BRIEF: Pictures stay out of the output. Return exactly the lines below from the one with "讲座伊始,主讲人王焱老师通过" down to the one with "Amanti Art Natural", both included, and nothing more.

RECORDS PROVIDED:
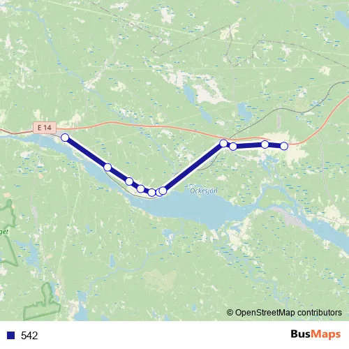 Services on the 542 bus stop at 14:05 on måndag, tisdag, onsdag, torsdag, fredag.
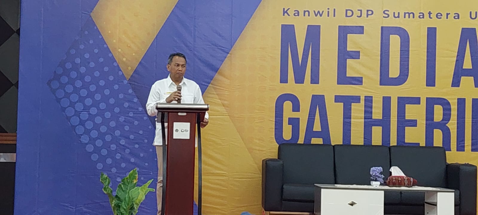 Kepala Kanwil DJP Sumut I menyampaikan pemaparan pada kegiatan Media Gathering 2025 yang digelar di Aula Lantai 8 Kanwil DJP Sumut I, Medan.
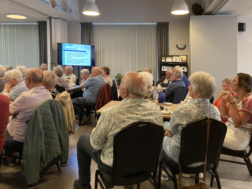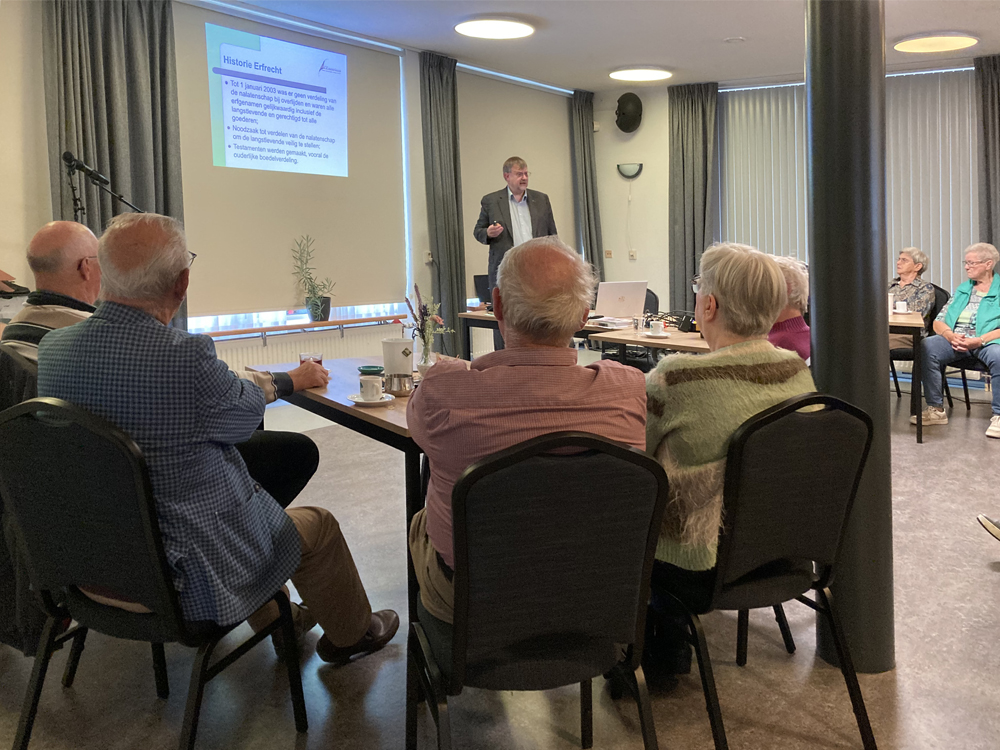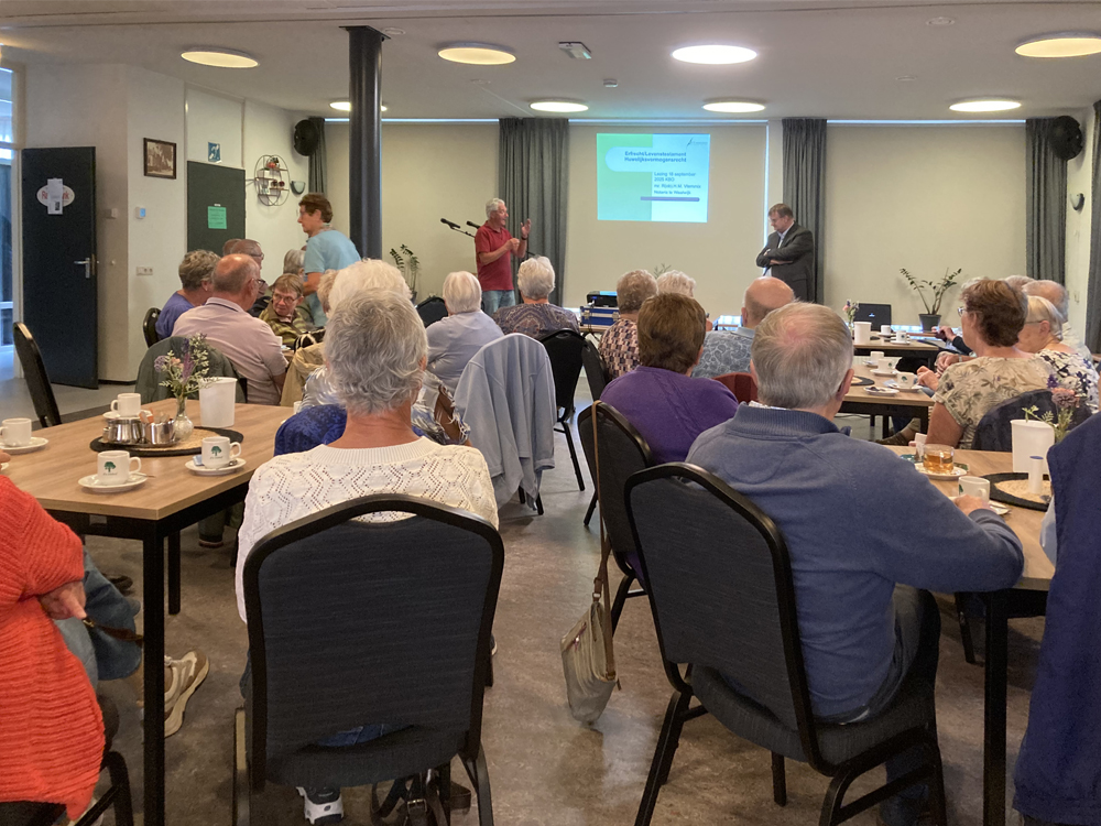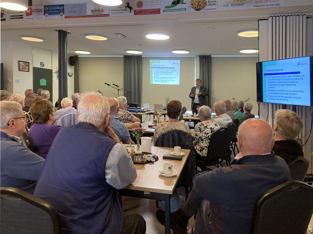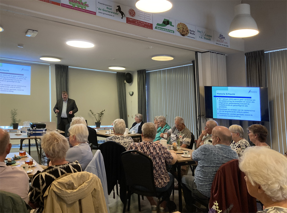 Op donderdag 18 september was Notaris de heer Vlemmix uit Waalwijk aanwezig om een lezing te verzorgen over het levenstestament. De opkomst was groot en er werd met belangstelling geluisterd. De heer Vlemmix heeft veel informatie verstrekt en uitleg gegeven over de mogelijkheden die er zijn. Het was een informatie bijeenkomst en iedereen ging weer een stuk wijzer naar huis.
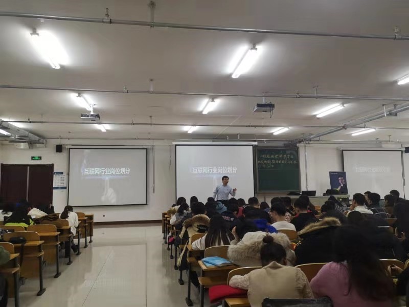 讲座伊始,主讲人王焱老师通过对“历届高校毕业生人数”、“2018年高校应届毕业生起薪”、“2018年应届毕业生专业对口率”等数据的分析,总结出近年来应届毕业生就业情况,同时针对这些问题向同学们提出建议,希望同学们能够提高自身素质及实力,来应对激烈的市场竞争。接着,他以“不同年龄段第一份工作平均在职时间”的调查结果明确指出当今时代各行各业的人才处于饱和状态,出现毕业生专业不对口的现象。紧接着,王焱老师将“互联网+”新时期互联网行业的发展趋势与实际工作相结合进行全方位的讲解,让同学们对互联网行业有了更深一步的认识。同时,对互联网行业岗位进行简单的划分,同学们初步了解到互联网行业各个岗位的基本情况。现场气氛热烈,同学们获益匪浅。
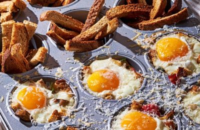 Dārzeņu un olu brokastu groziņi
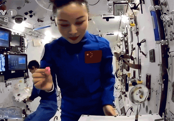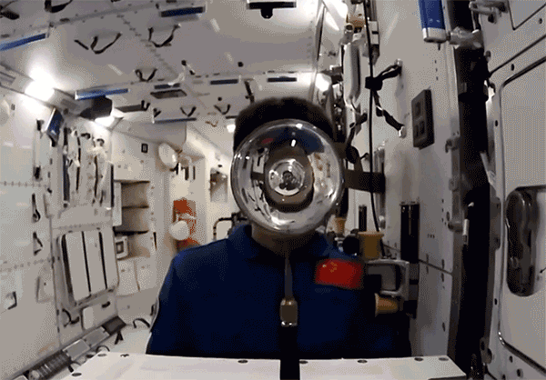 实验现象:三位航天员首先为大家展示了在太空中转身的神奇现象,这个原本在地面上难度系数为零的普通动作,在太空中却隐藏着很高的物理知识。太空中人体上半身左转时,下半身右转;手臂左转时,身体其他部分将右转。
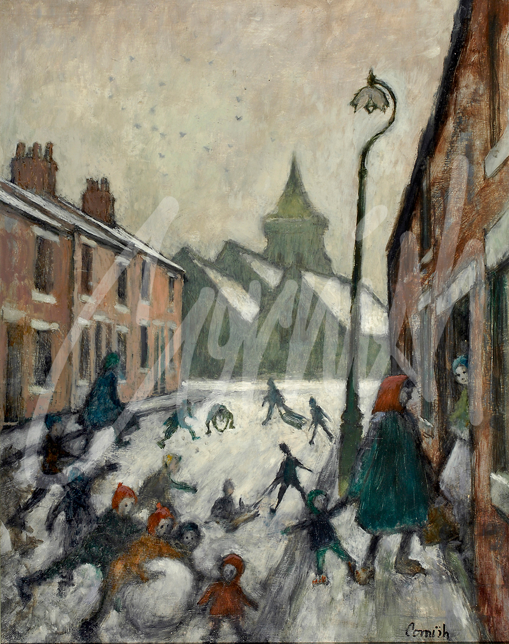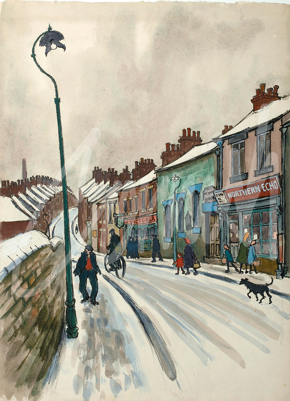 Winter conditions can vary considerably but when snow arrived in Spennymoor the opportunity for Cornish to re-visit his favourite street scenes was irresistible. These examples may be interpreted as genre scenes (images of daily life) which allow great insight into the daily cultural landscape with pictorial representation in a variety of media.
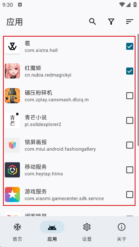 2、在應用頁面,可查看并選擇如雹、紅魔姬等應用。
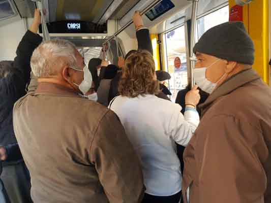 Ayrıca tramvaylarda virüse karşı alınan tedbirler doğrultusunda belirtilen yolcu sayısının çok üstünde kişi olduğu gözleniyor.
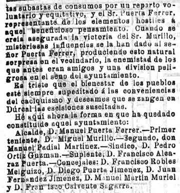 9 de julio de 1891. Se constituye el ayuntamiento de Dúrcal
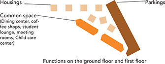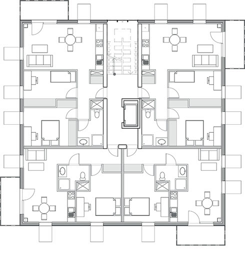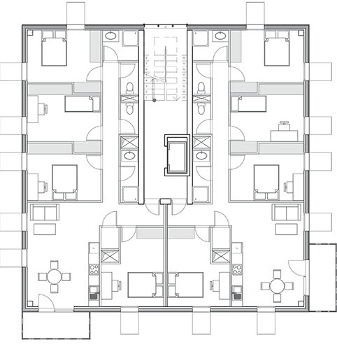 The buildings are based on a concrete structure (as Le Corbusier’s domino house). This structure will provide a good inertia to the housings. The facade walls will be made of prefabricated wall elements with a high insolation coefficient based on the Panobloc technology from Techniwood®.
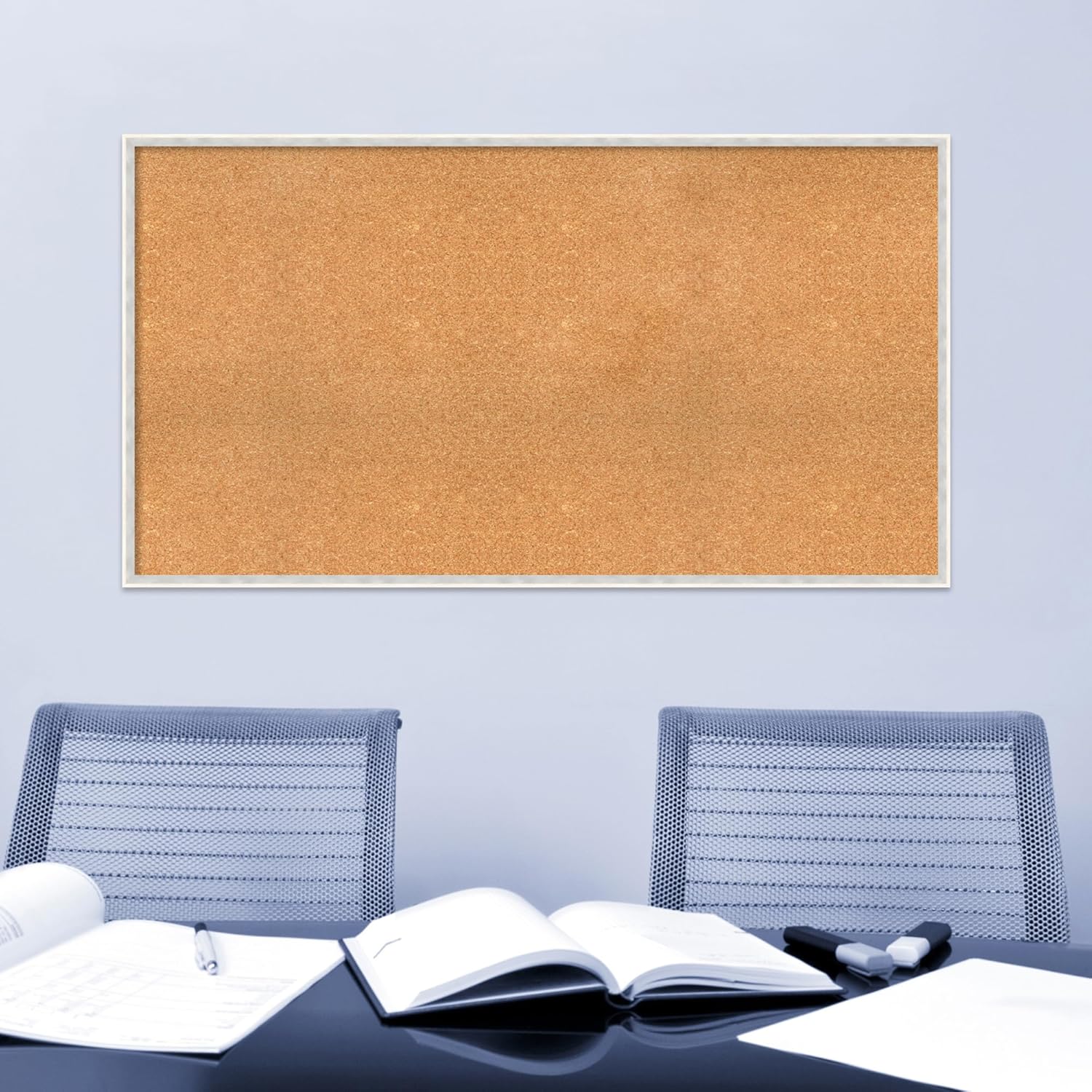 Amanti Art Natural Cork Board for Wall, 29x53 Vision Board with White Frame, Oversize Corkboard Office Decor for Home Organization, Modern Corkboard Pinboard to Display Items for Home Organization in
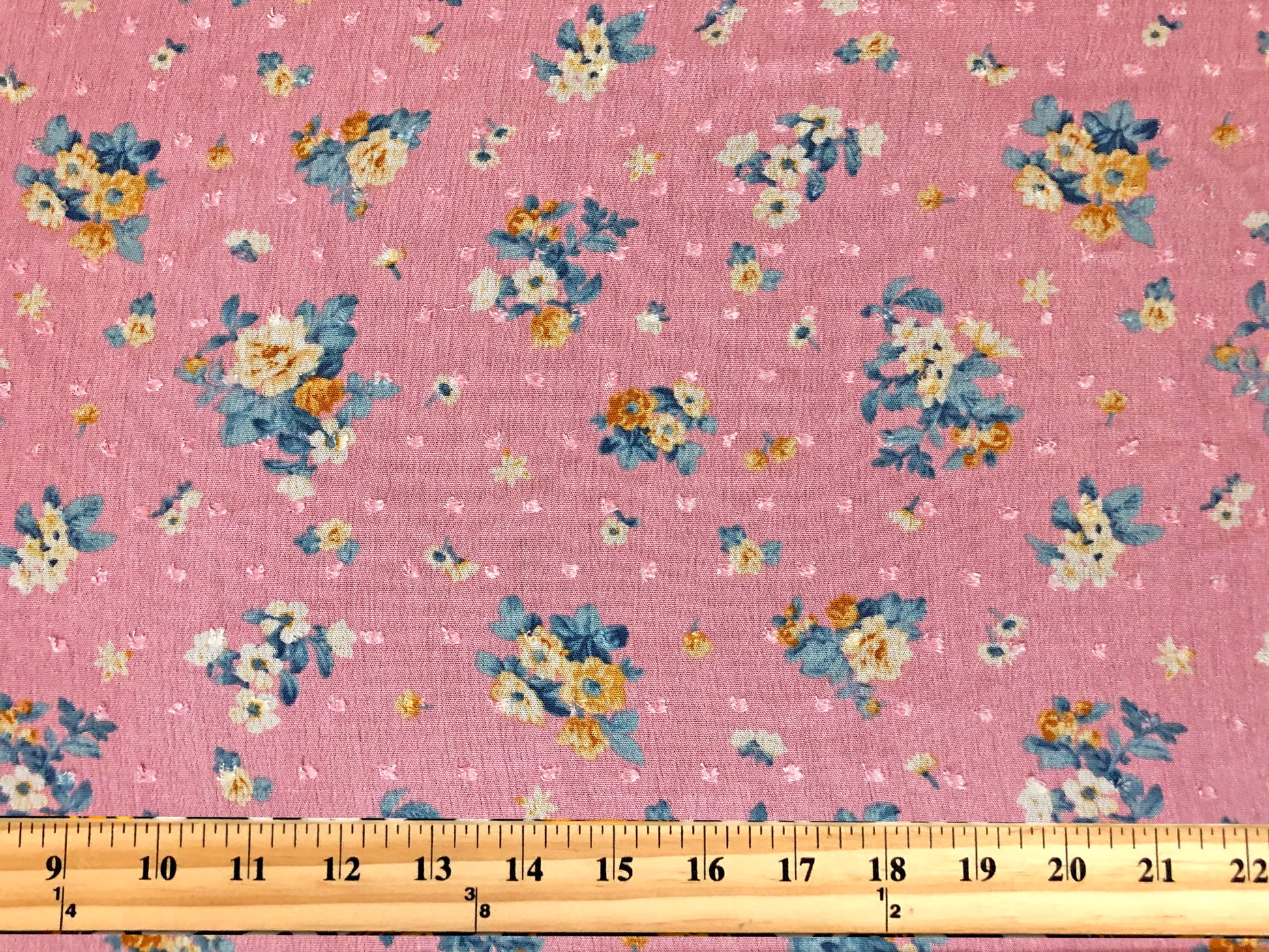 Vibrant Pink Swiss Dot Rayon Gauze with Vanilla/Cream Roses & Teal Leaves — 100% Rayon, 52″ Wide — Fabric by the Yard-(RGZPR014)
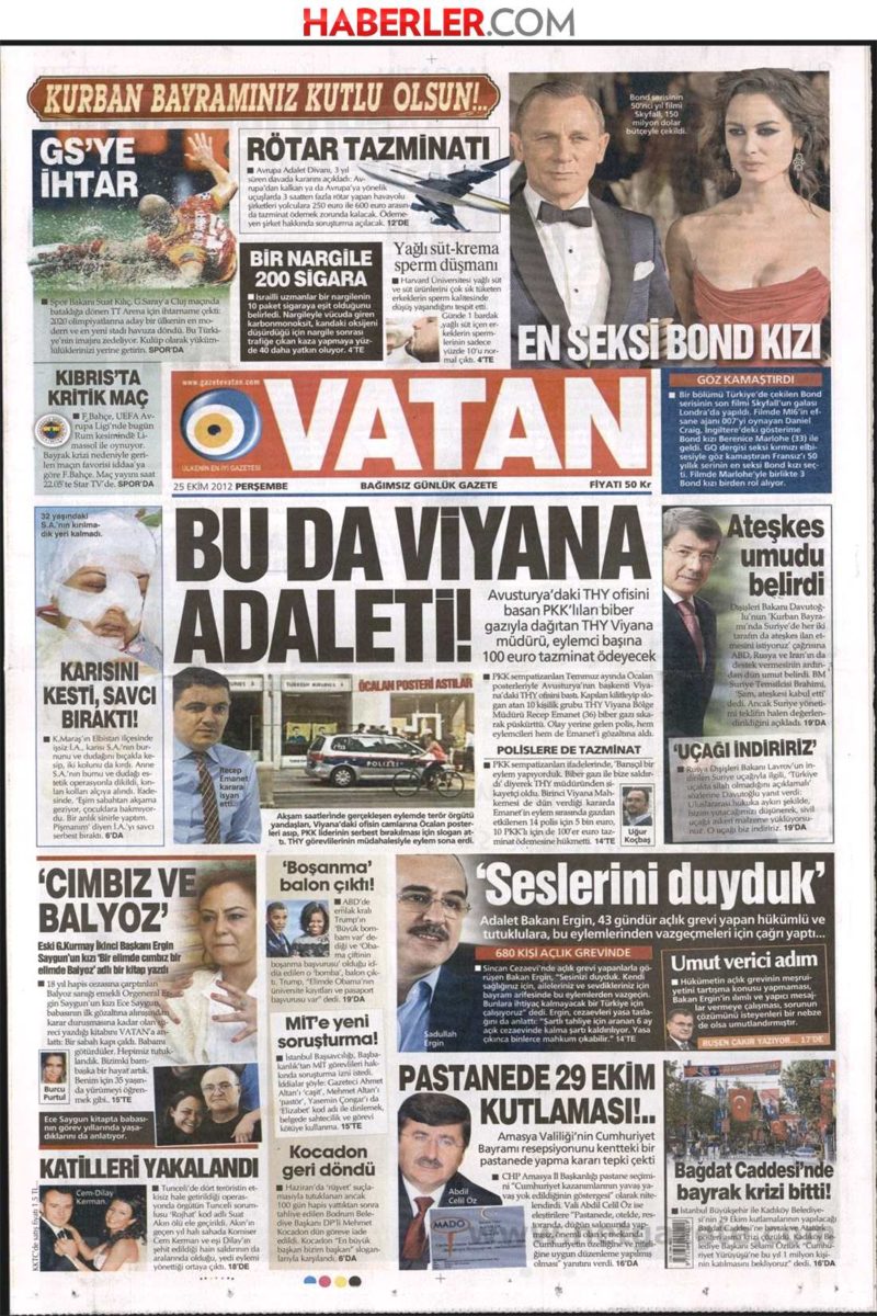 «Κι αυτή είναι η δικαιοσύνη της Βιέννης» είναι ο τίτλος της Vatan. H τουρκική εφημερίδα ισχυρίζεται πως ο διευθυντής των Τουρκικών Αερογραμμών στην Αυστρία, που είχε ψεκάσει με δακρυγόνα τους καταληψίες που ήταν μέλη του PKK, υποχρεώθηκε να τουα ποαζημιώσει με 100 Ευρώ το κάθε άτομο.
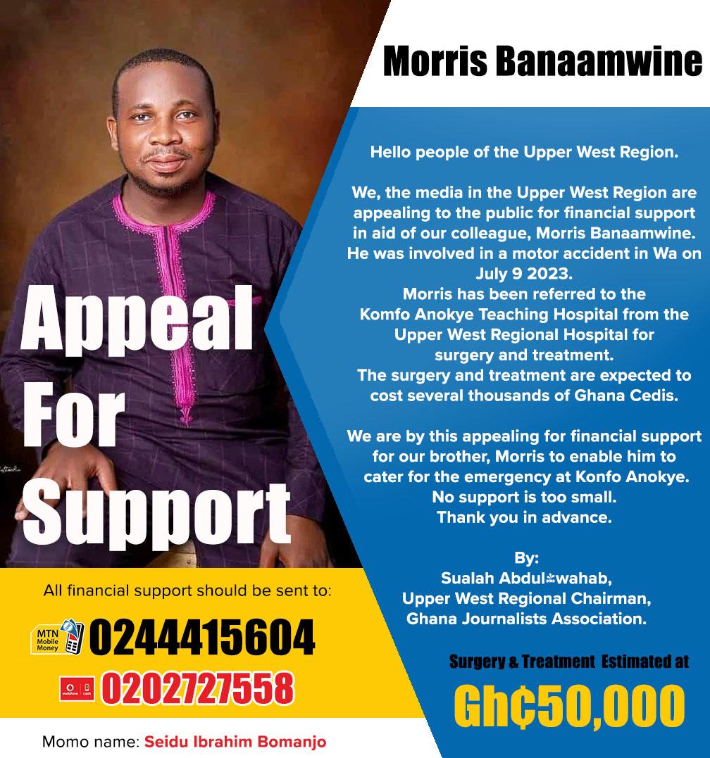 A Corresponding Journalist of EiB network and General Manager of Radio Waa Media, Mr Morris Banaanwine has been Referred to Okomfo Anokye Teaching Hospital from the Upper West Regional Hospital on 10th of July 2023 after he was involved in a Terrible Accident.
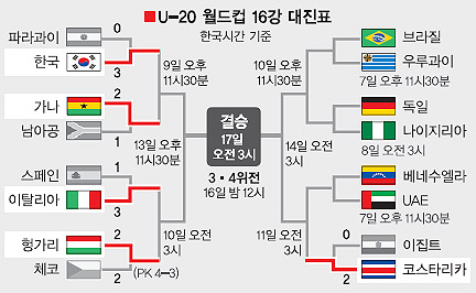 한국의 8강 상대는 아프리카의 강호 가나로 결판났다. 16강전에서 남아프리카공화국을 누르기까지 4경기에서 10점(4실점)을 뽑는 화력을 뽐낸 팀이다.셀라스 테테(55) 감독이 이끄는 가나는 7일 이집트 이스마일리아 스타디움에서 열린 국제축구연맹(FIFA) 20세 이하(U-20) 월드컵 16강전에서 연장 혈투 끝에 2-1로 승리, 9일 밤 11시30분 한국과 4강 진출을 다투게 됐다.
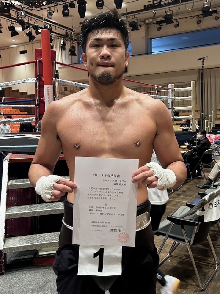 A級プロテストに合格した森脇は、「ボクシングを初めたアマチュア時代から駿台学園高校・法政大学・自衛隊体育学校時代と何かあれば自由にワールドスポーツで勝手にに練習させてもらってました。自分自身のアマチュア時代に知り合ったアメリカのトレーナーなどに連絡して、アメリカデビューを模索している時も『行動にマイナスはないし、人生の資産になる。1人でアメリカ行くなんてすごい、可能な限り挑戦した方が良い』と齊田会長は常に応援してくれ、相談にも乗ってくれてました。海外で練習している時も『日本のボクシング界もチャンスあるよ』と気にかけてくれてました」と、ワールドスポーツジムの齊田竜也会長に感謝した。
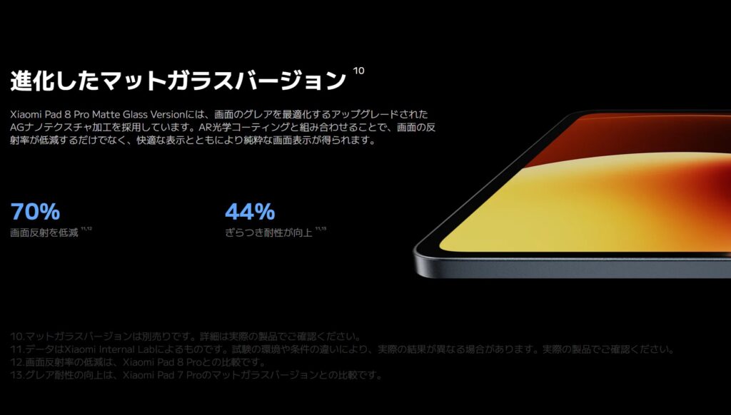 かつてタブレットといえば、発色の良さを重視した「光沢(グレア)画面」が当たり前でした。しかし、屋外での使用や長時間のテレワークが増えた現在、ユーザーの視線は「非光沢(アンチグレア/マット)」へと注がれています。特に最新の「マットガラス」技術は、従来のフィルム貼り付けでは成し得なかった「高画質と低反射の両立」を実現しています。

SOLUTION FOR THIS EXERCISE:
 讲座伊始,主讲人王焱老师通过对“历届高校毕业生人数”、“2018年高校应届毕业生起薪”、“2018年应届毕业生专业对口率”等数据的分析,总结出近年来应届毕业生就业情况,同时针对这些问题向同学们提出建议,希望同学们能够提高自身素质及实力,来应对激烈的市场竞争。接着,他以“不同年龄段第一份工作平均在职时间”的调查结果明确指出当今时代各行各业的人才处于饱和状态,出现毕业生专业不对口的现象。紧接着,王焱老师将“互联网+”新时期互联网行业的发展趋势与实际工作相结合进行全方位的讲解,让同学们对互联网行业有了更深一步的认识。同时,对互联网行业岗位进行简单的划分,同学们初步了解到互联网行业各个岗位的基本情况。现场气氛热烈,同学们获益匪浅。
 Dārzeņu un olu brokastu groziņi
 实验现象:三位航天员首先为大家展示了在太空中转身的神奇现象,这个原本在地面上难度系数为零的普通动作,在太空中却隐藏着很高的物理知识。太空中人体上半身左转时,下半身右转;手臂左转时,身体其他部分将右转。
 Winter conditions can vary considerably but when snow arrived in Spennymoor the opportunity for Cornish to re-visit his favourite street scenes was irresistible. These examples may be interpreted as genre scenes (images of daily life) which allow great insight into the daily cultural landscape with pictorial representation in a variety of media.
 2、在應用頁面,可查看并選擇如雹、紅魔姬等應用。
 Ayrıca tramvaylarda virüse karşı alınan tedbirler doğrultusunda belirtilen yolcu sayısının çok üstünde kişi olduğu gözleniyor.
 9 de julio de 1891. Se constituye el ayuntamiento de Dúrcal
 The buildings are based on a concrete structure (as Le Corbusier’s domino house). This structure will provide a good inertia to the housings. The facade walls will be made of prefabricated wall elements with a high insolation coefficient based on the Panobloc technology from Techniwood®.
 Amanti Art Natural Cork Board for Wall, 29x53 Vision Board with White Frame, Oversize Corkboard Office Decor for Home Organization, Modern Corkboard Pinboard to Display Items for Home Organization in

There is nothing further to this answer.